1.13.1 mutex deadlock
Brought to you by:
orenmnero
Hello,
I have troubles with mutex locking. The situation is the following :
- The fix engine is processing incoming and outgoing messages simultaneously. After some messages processed the engine freezes always in the SessionState class when performing the lock on the mutex required to obtain next sequence numbers (getNextSenderMsgSeqNum()). Like if ingoing and outgoing messages processes are waiting for each other.
Once freeze is detected (by another process checking sequence numbers activity) I have to restart the engine to have it back on tracks.
FIXEngine is running on Unix Solaris 10 system with quickfix library version 1.13.1
Any help is welcome :-)
Many thanks
Regards
What are you doing in your callbacks? This might be a result of the interaction between the engine and your code.
Hello,
This is what i do :
in Application::fromApp i log message content, crack it and then get sequence numbers to send them to a monitoring system (internal application listening SunMQ). The last cas i had is with an Allocation message and no simultaneous messages (incoming and outgoing) where processed. Only an Allocation response from a broker. This happens on a total irregular basis.

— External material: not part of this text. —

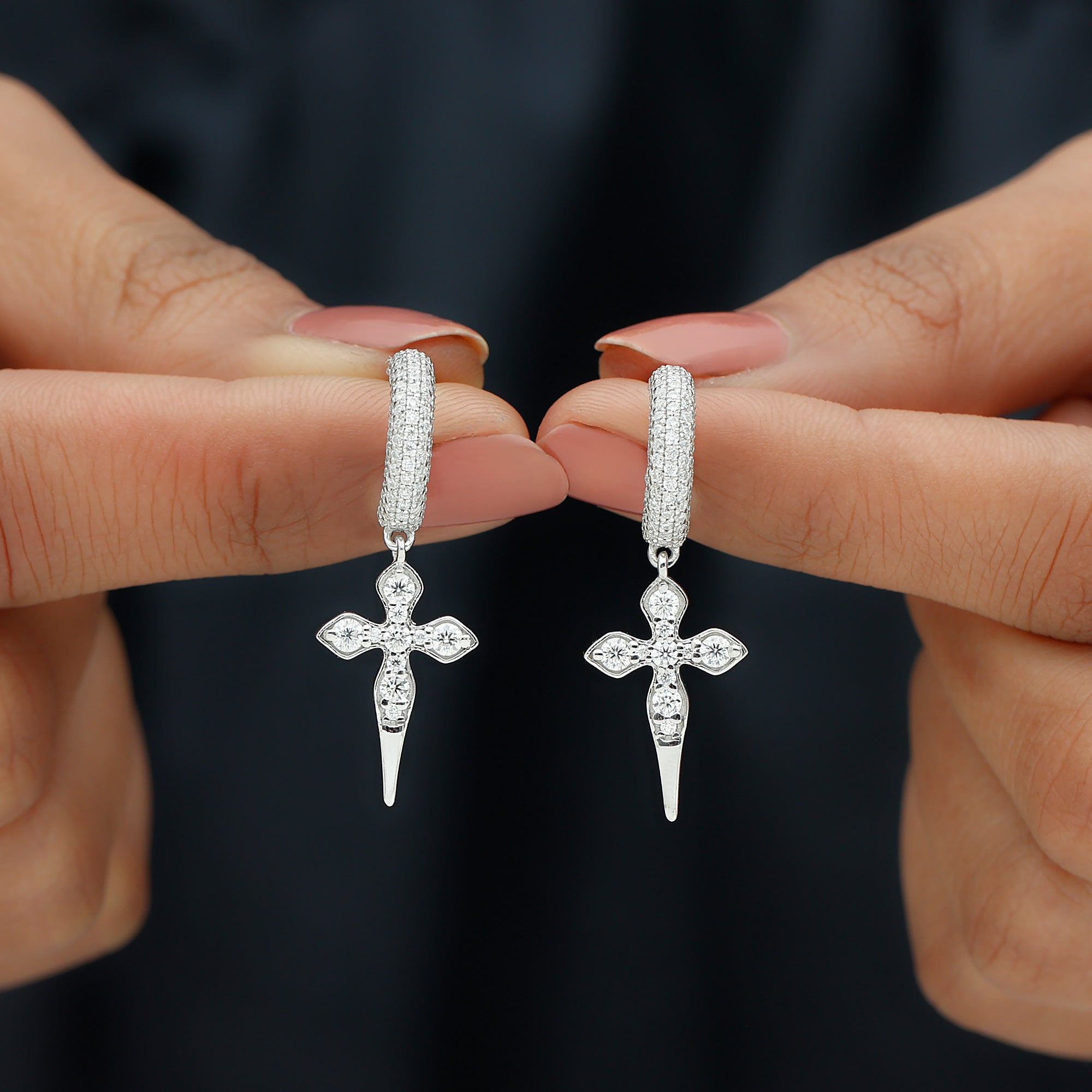 These Vintage Inspired Diamond Cross Earrings are a stunning blend of old world charm and modern craftsmanship. Featuring an elongated cross adorned with dazzling round lab grown diamonds dangling from a gemstone-studded curved bar at the top. Designed with a secure screw back closure, these Minimalist Earrings offer both style and comfort, ensuring a perfect fit for all day. These Diamond Drop Earrings are incredibly versatile and ideal for both casual and formal occasions. You can wear them to church, religious occasions, or weddings as a beautiful expression of faith. For making a statement pair them with a matching necklace and bracelet - also available on our website.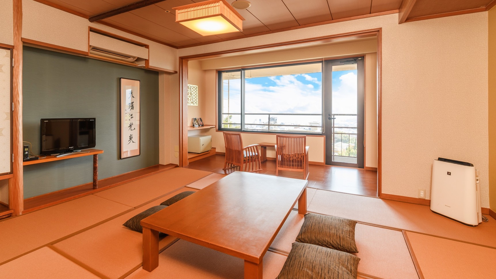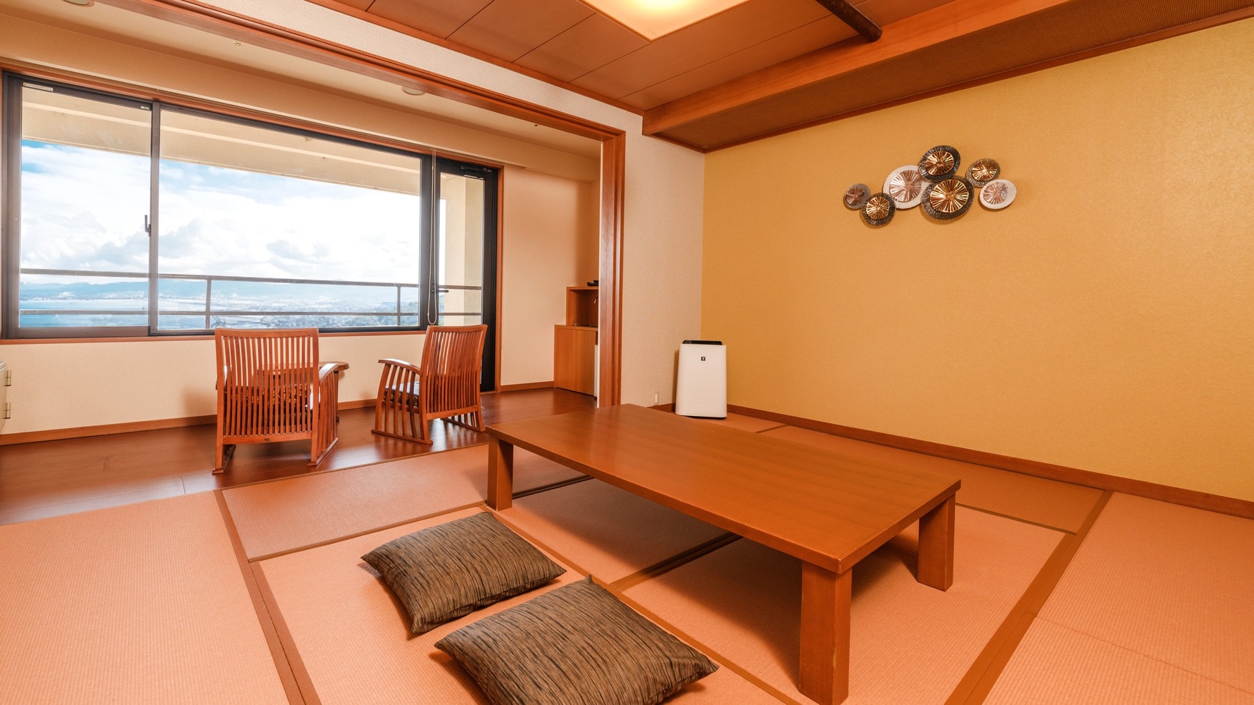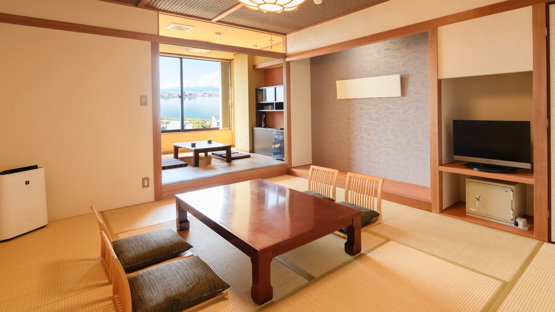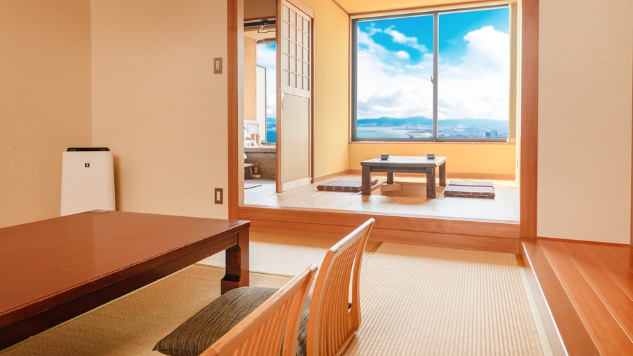 10畳の和室と掘りごたつ形式の部屋、露天風呂が付いた日当たりの良い客室です。 露天風呂からは雄大な琵琶湖の景色、夜は夜景を楽しんでいただけます。

Here is the code (i removed confidential data).
void Application::fromApp( const FIX::Message& message, const FIX::SessionID& sessionID ) throw(FIX::FieldNotFound, FIX::UnsupportedMessageType, FIX::IncorrectTagValue)
{
logger::cout << "\n[Application FromApp] " << "IN: " << message.toString() << logger::endl;
crack(message, sessionID);
adminMessageQ->sendSeqNumbers(); // this is a pointer to a SunMQ object
}
The crack calls
void Application::onMessage ( const FIX42::Allocation& message, const FIX::SessionID& sessionID)
{
...
Many calls like this one to retrieve fields values we need to acknowledge response
if(message.isSetField(exAllocTransType))
{
message.get(exAllocTransType);
mapMessageFIX["AllocTransType"] = exAllocTransType.getString(); // MapStringString storing values and custom keys fo further process
}
...
}
finally the snedseqnumbers call after the crack invocation.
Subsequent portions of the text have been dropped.